* _WORK TO BE COMPLETED_: Set down, exactly and only, everything from the line containing "2,000 NEW CFIA" down to the line containing "每周一至周四20:00-8:40开启比武" in the data below; the pictures are not part of the copy.

BEGIN DATA SHOWN

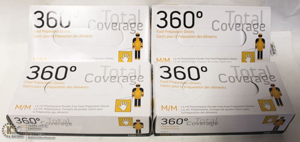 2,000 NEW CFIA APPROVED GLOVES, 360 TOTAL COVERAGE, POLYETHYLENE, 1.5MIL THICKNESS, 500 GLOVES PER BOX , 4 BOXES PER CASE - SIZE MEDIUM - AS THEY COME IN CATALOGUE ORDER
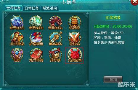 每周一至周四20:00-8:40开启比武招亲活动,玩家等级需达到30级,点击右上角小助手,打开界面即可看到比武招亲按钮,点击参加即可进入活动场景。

END DATA SHOWN
BEGIN DATA SHOWN

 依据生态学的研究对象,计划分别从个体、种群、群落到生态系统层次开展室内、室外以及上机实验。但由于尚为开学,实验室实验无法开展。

END DATA SHOWN
BEGIN DATA SHOWN

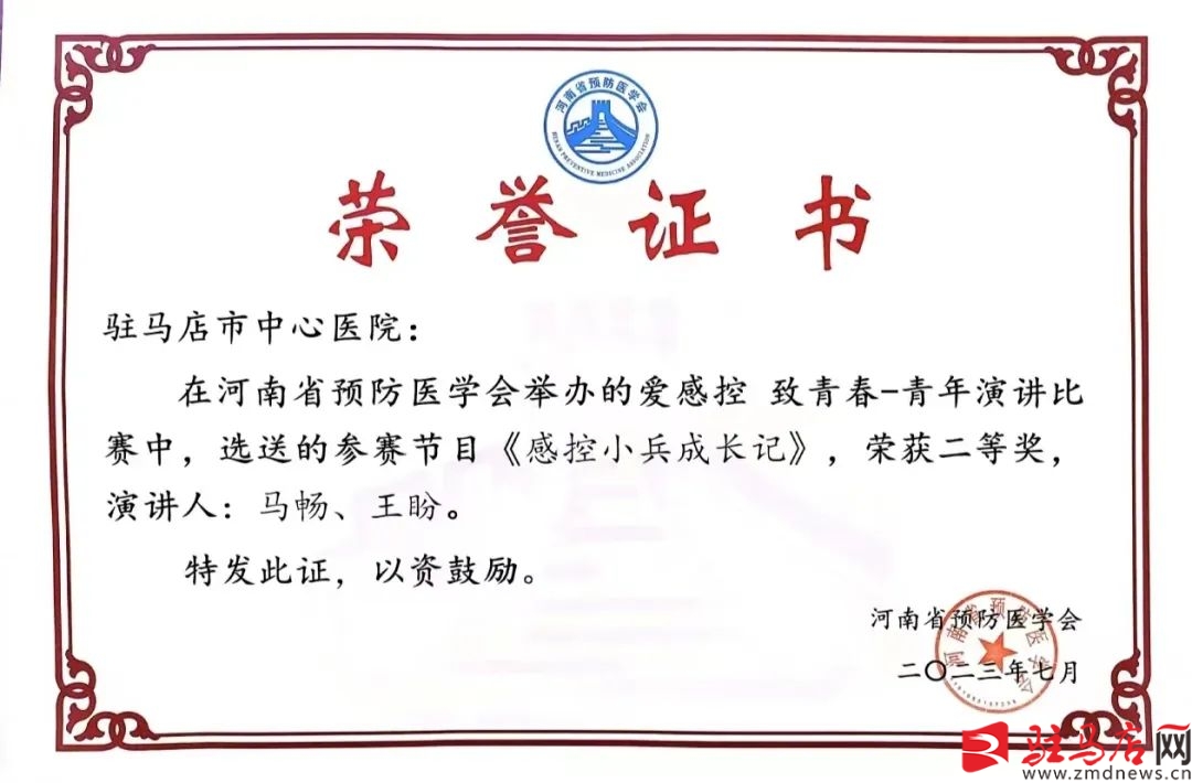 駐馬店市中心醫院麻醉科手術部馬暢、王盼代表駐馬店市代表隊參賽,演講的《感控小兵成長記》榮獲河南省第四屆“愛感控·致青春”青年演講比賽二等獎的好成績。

END DATA SHOWN

* _EXERCISE OUTPUT_:
 2,000 NEW CFIA APPROVED GLOVES, 360 TOTAL COVERAGE, POLYETHYLENE, 1.5MIL THICKNESS, 500 GLOVES PER BOX , 4 BOXES PER CASE - SIZE MEDIUM - AS THEY COME IN CATALOGUE ORDER
 每周一至周四20:00-8:40开启比武招亲活动,玩家等级需达到30级,点击右上角小助手,打开界面即可看到比武招亲按钮,点击参加即可进入活动场景。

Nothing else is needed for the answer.